Skip to content

programmatix/CParser

Folders and files

NameName
Last commit message
Last commit date

Latest commit

 

History

18 Commits
 
 
 
 
 
 
 
 
 
 
 
 

Repository files navigation

CParser

Parses the C language into a clean abstract syntax tree that you can use in your JVM project.

Written in Scala, and ScalaJS compatible.

Getting Started

Clone the project. Add the single required dependency on the lihaoyi's excellent fastparse library to your build.sbt:

libraryDependencies += "com.lihaoyi" %%% "fastparse" % "1.0.0"

There's two main entry points. CParser.parseSnippet is for parsing a snippet of C code - something you'd find inside a C function.

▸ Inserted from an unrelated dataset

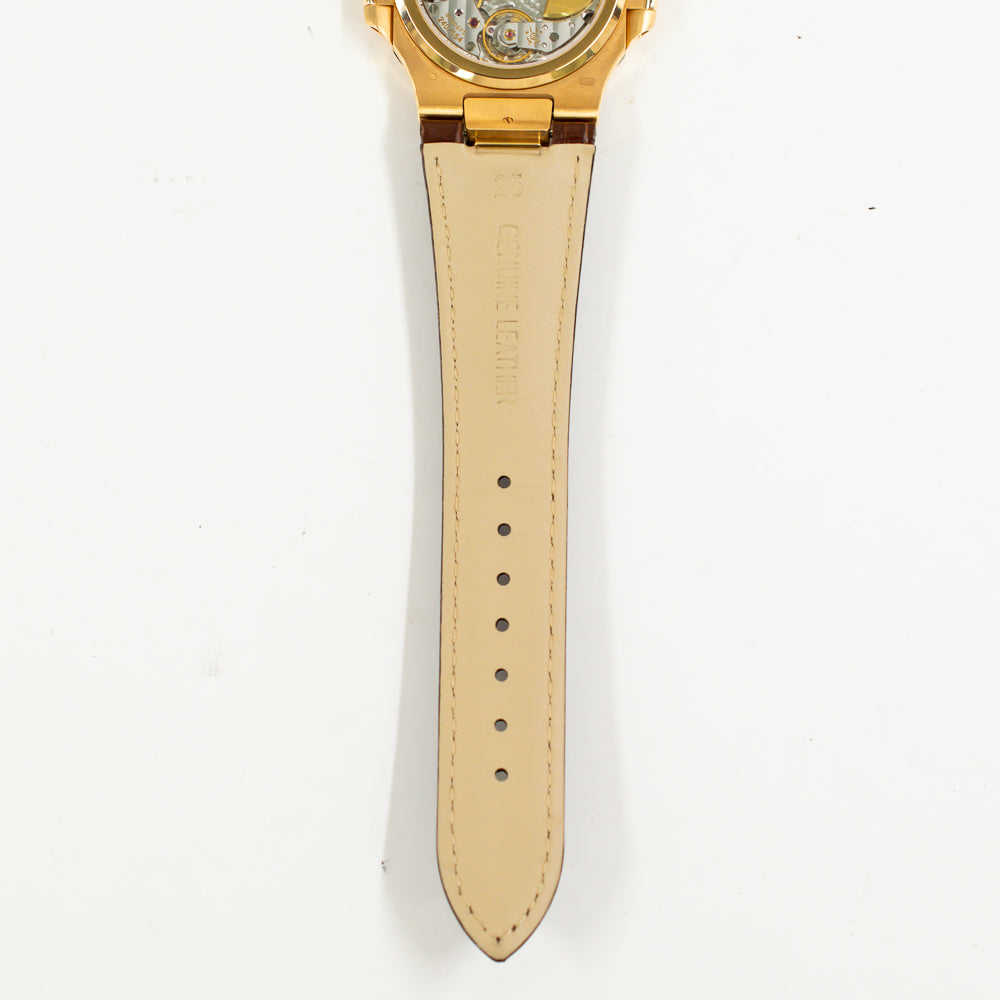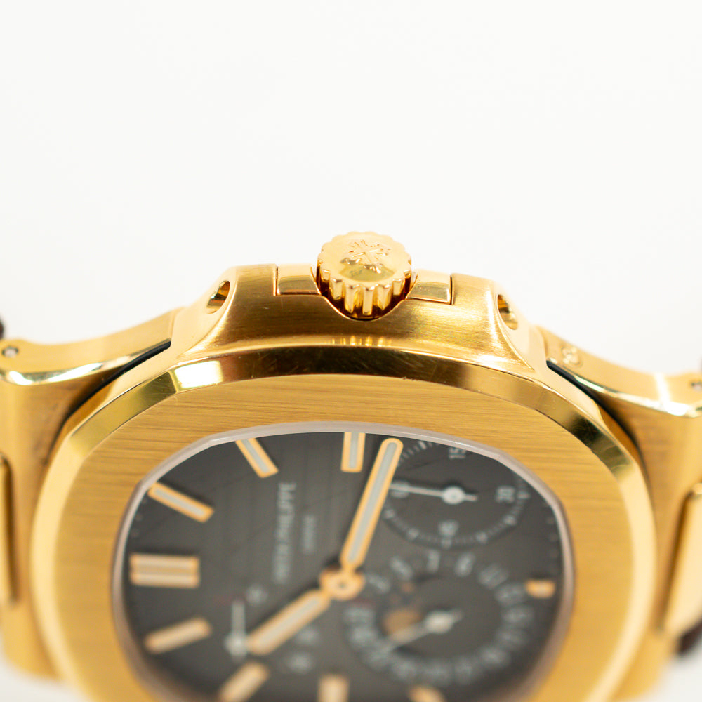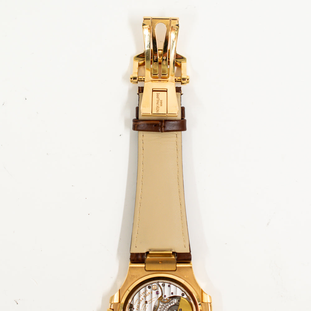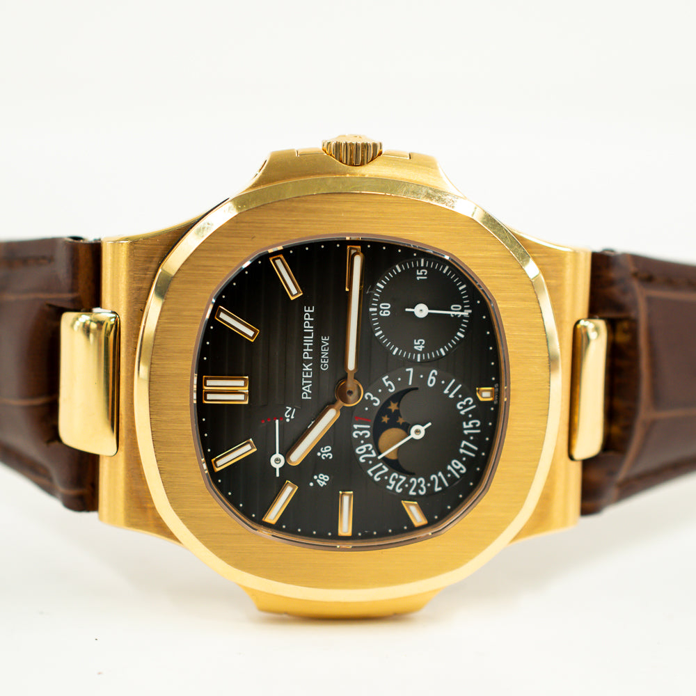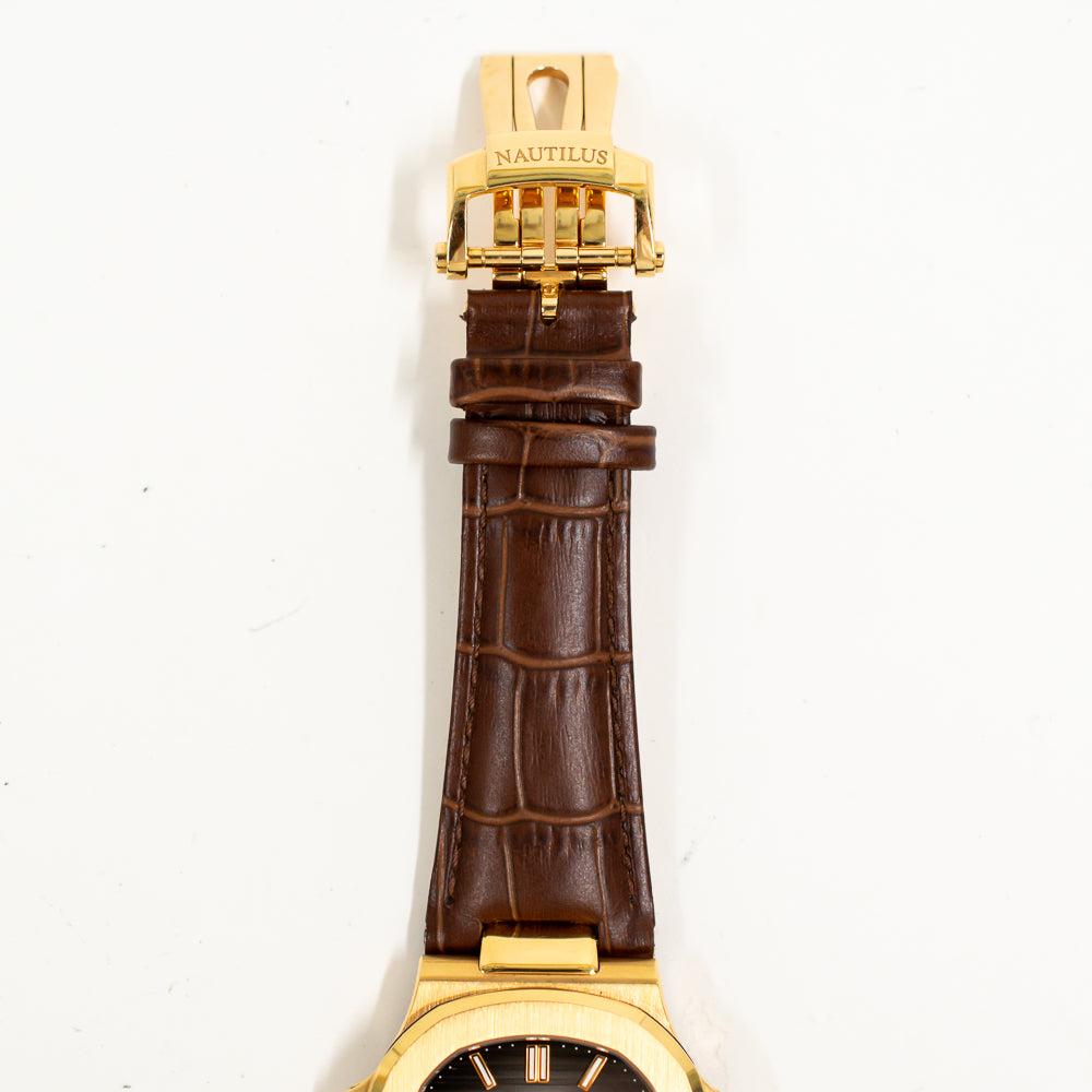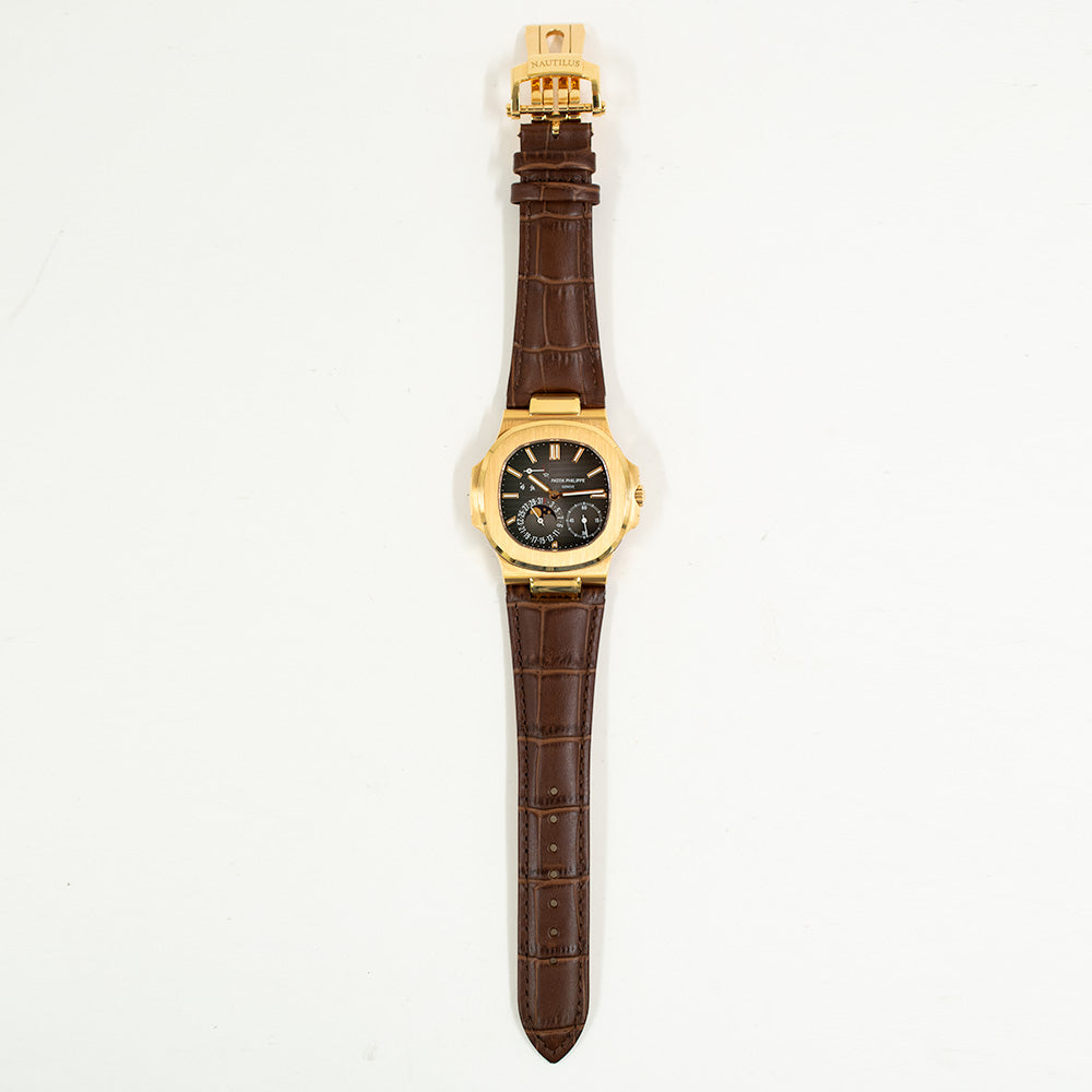 18kt rose gold case with a brown leather strap. Fixed 18kt rose gold bezel. Black dial with gold-tone hands and index hour markers. Minute markers around the outer rim. Dial Type: Analog. Date display at the 7 o'clock position. Three sub-dials displaying: small second, date/moonphase, power reserve indicator. Patek Philippe Calibre 240 PS IRM C LU Automatic movement, containing 29 Jewels, composed of 265 parts, bitting at 21600 vph, and has a power reserve of approximately 48 hours. Scratch resistant sapphire crystal. Fluted crown. Sapphire crystal case back. Cushion case shape, case size: 40 mm. Fold over clasp. Water resistant at 60 meters / 200 feet. Functions: moon phase, date, hour, minute, small second, power reserve indicator. Nautilus Series. Luxury watch style. Watch label: Swiss Made.

CParser.parse is for parsing a C translation unit - which can be as small as a single function, or as big as a full C file.

Both functions return a CParseSuccess if they can parse the input, containing an abstract syntax tree in the form of nested case classes. parseSnippet returns a Seq of BlockItem, each corresponding to block-item in the C specification, which roughly means "a line of C code".

    val parser = new CParser()
    val parsed: CParseResult = parser.parseSnippet("int hello;")

    // `parsed` can be CParseSuccess or CParseFail
    parsed match {
      case CParseSuccess(result: Seq[BlockItem]) =>

        // If success, the result is an abstract syntax tree corresponding to the C code
        assert (result.head ==
          SimpleDeclaration(
            DeclarationSpecifiers(
              List(
                TypeSpecifier("int"))),
            Some(
              List(
                DeclaratorEmpty(
                  Declarator(
                    None,
                    DirectDeclaratorOnly(
                      Identifier("hello")))))))
        )

      case CParseFail(result) =>
        println(result)
    }

parse returns a TranslationUnit, corresponding to translation-unit in the spec, which roughly means 'a complete C file'.

    val parser = new CParser()
    val parsed: CParseResult = parser.parse(
      """int main(int argc) {
        | return 0;
        |}""".stripMargin)

    // `parsed` can be CParseSuccess or CParseFail
    parsed match {
      case CParseSuccess(result: TranslationUnit) =>

        // If success, the result is an abstract syntax tree corresponding to the C code
        assert (result ==
          TranslationUnit(
            List(
              FunctionDefinition(
                DeclarationSpecifiers(
                  List(
                    TypeSpecifier("int"))),
                Declarator(None,
                  FunctionDeclaration(
                    Identifier("main"),
                    ParameterTypeList(
                      List(
                        ParameterDeclarationDeclarator(
                          DeclarationSpecifiers(
                            List(
                              TypeSpecifier("int"))),
                          Declarator(
                            None,
                            DirectDeclaratorOnly(
                              Identifier("argc"))))),
                      ellipses = false))),
                None,
                CompoundStatement(
                  List(
                    Return(
                      Some(IntConstant(0))))))))
        )

      case CParseFail(result) =>
        println(result)
    }

C Language

This parser understands the C language grammar defined in Annex A of this C specification.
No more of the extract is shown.